Despite working from a more complex specification than in the M2.5 test, token usage also looked roughly half as large. This run was around 66k, while I remember the M2.5 generation taking roughly 122k.

M2.5 was already good enough that I had high expectations for M2.7, and in practice the size, tool behavior, and output quality all delivered. I was not even planning to benchmark it much further because the licensing situation already made it unusable for my purposes, but the community comment threads were heated enough that I still held onto the faint hope there might be some opening, so I at least ran a benchmark.

The Modified-MIT Label Means Something Very Different in M2.5 and M2.7

MiniMax-M2.7 is under a modified-MIT license, but commercial use is not freely allowed.

By contrast, when I read the M2.5 modified-MIT terms in March 2026, they did not appear to block commercial use in the same way. That difference matters. If I want something that could plausibly connect to commercial work, the more realistic path is still to fine-tune M2.5 and shape it toward my own system.

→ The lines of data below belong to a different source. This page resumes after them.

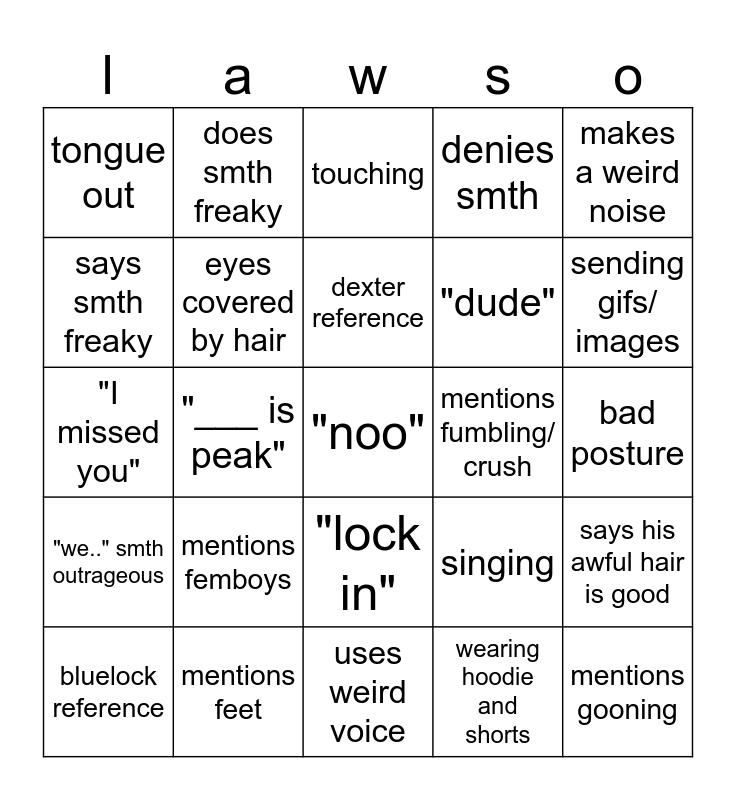 This bingo card has a free space and 24 words: mentions femboys, mentions feet, dexter reference, bluelock reference, makes a weird noise, tongue out, says smth freaky, does smth freaky, mentions fumbling/ crush, "lock in", "dude", "I missed you", singing, says his awful hair is good, eyes covered by hair, wearing hoodie and shorts, bad posture, touching, sending gifs/ images, "___ is peak", mentions gooning, "we.." smth outrageous, denies smth and uses weird voice.
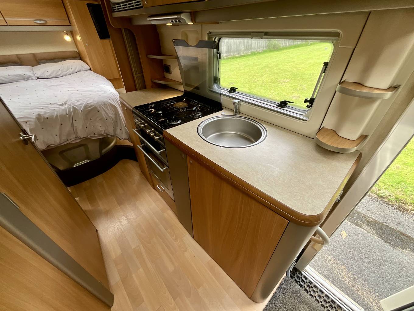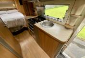 A kitchen in the middle of the 669 comes fully equipped with everything the travelling chef needs, including oven with grill, gas hobs, three way fridge/freezer, microwave and sink.
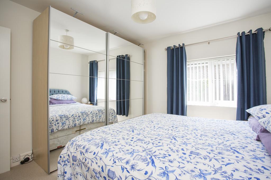 BEDROOM: Wardrobe cupboard with shelving, carpet as fitted, radiator, window to side and uPVC double doors opening to a decked area.
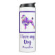 Français Poodle chien animal de compagnie silhouette violet, rose, jaune et bleu motif abstrait numérique. Ce tumeur thermique est sûr de mettre un sourire sur n'importe quel visage amoureux des chiens. De plus, c'est écologique, donc elle peut le garder pendant des années. Changez "I love my dog"/"Nom" avec le texte que vous aimez des deux côtés de la bouteille.
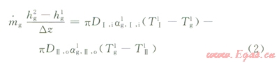 式中下標mg代表該段的NG氣體,wall代表管壁,o代表管外側,i表示管內側,其余同上。
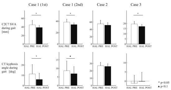 Positive immediate effects on the reduction of C2C7SVA was observed in Case 1 (1st), Case 1 (2nd), and Case 3, and on the reduction of CT kyphosis angle in Case 1 (1st), Case 1 (2nd). The apparent immediate effects of HAL suggest that the effect of walking with HAL can cause some changes in the coordination of neck and leg muscles [] during gait, rather than training of the neck extensor muscle strength. Immediate effect of HAL is reported also on the improvement of gait [] and upper limb motion [] in children with cerebral palsy whose problems are in the coordinated control of the limb muscles rather than the muscle force.

Interesting for benchmarking, study, and strictly personal local validation
Hard to place directly in business workflows, client work, or internal commercial development loops
Impossible to justify as a default local model

Performance is strong, but licensing ends up being the real decision axis. I could not confidently judge how far the restriction might extend to generated outputs or secondary artifacts, and that uncertainty alone was enough to rule it out as a regular option.

Measurement Method

I was never treating this as something that could go straight into production, so the benchmark itself was fairly rough and I also forgot to preserve the inference logs.

Afterward I gave Claude only the relevant parts of the video and had it collect PP/TG values frame by frame, so some reading error is possible. Treat the rendered output in the video as the ground truth.